Segment Start: Input data

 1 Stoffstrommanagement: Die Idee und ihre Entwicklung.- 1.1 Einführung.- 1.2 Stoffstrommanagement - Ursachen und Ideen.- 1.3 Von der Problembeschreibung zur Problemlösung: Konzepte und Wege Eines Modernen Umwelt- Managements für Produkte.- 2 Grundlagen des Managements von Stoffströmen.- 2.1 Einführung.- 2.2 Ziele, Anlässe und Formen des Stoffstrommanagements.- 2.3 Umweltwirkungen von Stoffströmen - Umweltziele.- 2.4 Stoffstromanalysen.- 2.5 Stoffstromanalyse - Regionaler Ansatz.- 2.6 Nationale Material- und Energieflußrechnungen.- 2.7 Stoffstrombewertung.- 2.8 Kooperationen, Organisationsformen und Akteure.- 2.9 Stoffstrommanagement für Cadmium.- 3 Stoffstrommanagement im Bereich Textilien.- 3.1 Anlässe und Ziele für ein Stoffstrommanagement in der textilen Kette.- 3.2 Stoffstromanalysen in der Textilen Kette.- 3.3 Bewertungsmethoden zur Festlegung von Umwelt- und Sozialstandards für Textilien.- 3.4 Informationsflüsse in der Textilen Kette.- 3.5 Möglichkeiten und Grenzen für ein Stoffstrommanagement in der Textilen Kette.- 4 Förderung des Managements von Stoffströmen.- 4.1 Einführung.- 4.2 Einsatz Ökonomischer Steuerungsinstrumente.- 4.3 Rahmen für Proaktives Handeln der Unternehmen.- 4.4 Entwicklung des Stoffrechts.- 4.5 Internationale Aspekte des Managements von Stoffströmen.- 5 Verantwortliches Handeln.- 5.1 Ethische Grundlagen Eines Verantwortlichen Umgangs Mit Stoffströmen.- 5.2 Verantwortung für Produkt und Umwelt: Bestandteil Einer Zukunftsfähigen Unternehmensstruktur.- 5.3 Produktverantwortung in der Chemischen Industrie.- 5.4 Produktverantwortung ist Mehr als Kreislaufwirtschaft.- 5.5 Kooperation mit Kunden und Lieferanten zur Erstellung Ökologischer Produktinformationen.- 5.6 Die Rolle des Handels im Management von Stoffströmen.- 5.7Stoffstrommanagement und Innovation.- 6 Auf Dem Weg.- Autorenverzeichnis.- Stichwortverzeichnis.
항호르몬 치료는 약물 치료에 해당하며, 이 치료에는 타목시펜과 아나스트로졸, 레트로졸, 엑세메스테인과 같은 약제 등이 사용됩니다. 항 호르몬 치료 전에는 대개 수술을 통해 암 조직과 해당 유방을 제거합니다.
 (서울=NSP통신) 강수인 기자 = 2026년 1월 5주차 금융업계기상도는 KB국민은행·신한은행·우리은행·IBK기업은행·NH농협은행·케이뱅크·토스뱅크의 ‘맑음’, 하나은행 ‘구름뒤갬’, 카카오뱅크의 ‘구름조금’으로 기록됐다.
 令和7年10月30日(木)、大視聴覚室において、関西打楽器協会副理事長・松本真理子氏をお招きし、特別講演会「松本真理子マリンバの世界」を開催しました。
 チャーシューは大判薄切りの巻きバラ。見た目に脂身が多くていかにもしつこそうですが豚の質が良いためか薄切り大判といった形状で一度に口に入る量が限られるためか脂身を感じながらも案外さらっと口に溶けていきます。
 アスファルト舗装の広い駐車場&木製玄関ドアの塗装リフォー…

Segment End: Input data

Prompt
Starting at the line that contains "(서울=NSP통신) 강수인 기자", transcribe every line through the last line of the entries above, exactly, and nothing else.

Task output
 (서울=NSP통신) 강수인 기자 = 2026년 1월 5주차 금융업계기상도는 KB국민은행·신한은행·우리은행·IBK기업은행·NH농협은행·케이뱅크·토스뱅크의 ‘맑음’, 하나은행 ‘구름뒤갬’, 카카오뱅크의 ‘구름조금’으로 기록됐다.
 令和7年10月30日(木)、大視聴覚室において、関西打楽器協会副理事長・松本真理子氏をお招きし、特別講演会「松本真理子マリンバの世界」を開催しました。
 チャーシューは大判薄切りの巻きバラ。見た目に脂身が多くていかにもしつこそうですが豚の質が良いためか薄切り大判といった形状で一度に口に入る量が限られるためか脂身を感じながらも案外さらっと口に溶けていきます。
 アスファルト舗装の広い駐車場&木製玄関ドアの塗装リフォー…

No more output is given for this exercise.